__Exercise brief__: This exercise calls for retyping every line below exactly, with the images omitted.

__Provided material__:
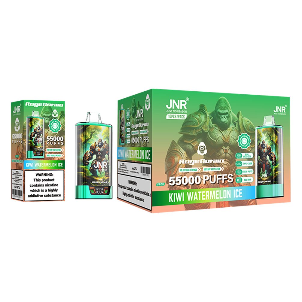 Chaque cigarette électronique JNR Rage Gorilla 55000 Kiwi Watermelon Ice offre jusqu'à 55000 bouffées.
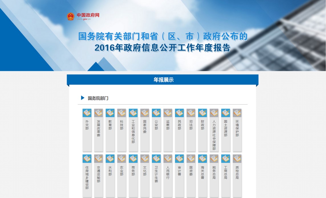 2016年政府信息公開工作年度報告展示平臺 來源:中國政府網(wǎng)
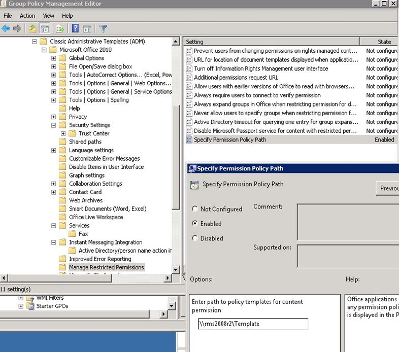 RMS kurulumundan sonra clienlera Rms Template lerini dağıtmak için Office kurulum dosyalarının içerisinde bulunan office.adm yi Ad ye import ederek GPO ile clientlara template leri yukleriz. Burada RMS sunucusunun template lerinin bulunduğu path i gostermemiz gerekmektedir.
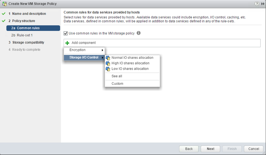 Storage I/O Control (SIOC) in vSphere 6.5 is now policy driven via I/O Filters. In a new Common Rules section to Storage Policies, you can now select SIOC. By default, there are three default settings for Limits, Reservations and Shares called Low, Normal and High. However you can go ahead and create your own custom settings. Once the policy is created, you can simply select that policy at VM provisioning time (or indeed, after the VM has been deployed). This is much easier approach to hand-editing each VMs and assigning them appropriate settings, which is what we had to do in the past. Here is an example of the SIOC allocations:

__Your response__:
 Chaque cigarette électronique JNR Rage Gorilla 55000 Kiwi Watermelon Ice offre jusqu'à 55000 bouffées.
 2016年政府信息公開工作年度報告展示平臺 來源:中國政府網(wǎng)
 RMS kurulumundan sonra clienlera Rms Template lerini dağıtmak için Office kurulum dosyalarının içerisinde bulunan office.adm yi Ad ye import ederek GPO ile clientlara template leri yukleriz. Burada RMS sunucusunun template lerinin bulunduğu path i gostermemiz gerekmektedir.
 Storage I/O Control (SIOC) in vSphere 6.5 is now policy driven via I/O Filters. In a new Common Rules section to Storage Policies, you can now select SIOC. By default, there are three default settings for Limits, Reservations and Shares called Low, Normal and High. However you can go ahead and create your own custom settings. Once the policy is created, you can simply select that policy at VM provisioning time (or indeed, after the VM has been deployed). This is much easier approach to hand-editing each VMs and assigning them appropriate settings, which is what we had to do in the past. Here is an example of the SIOC allocations:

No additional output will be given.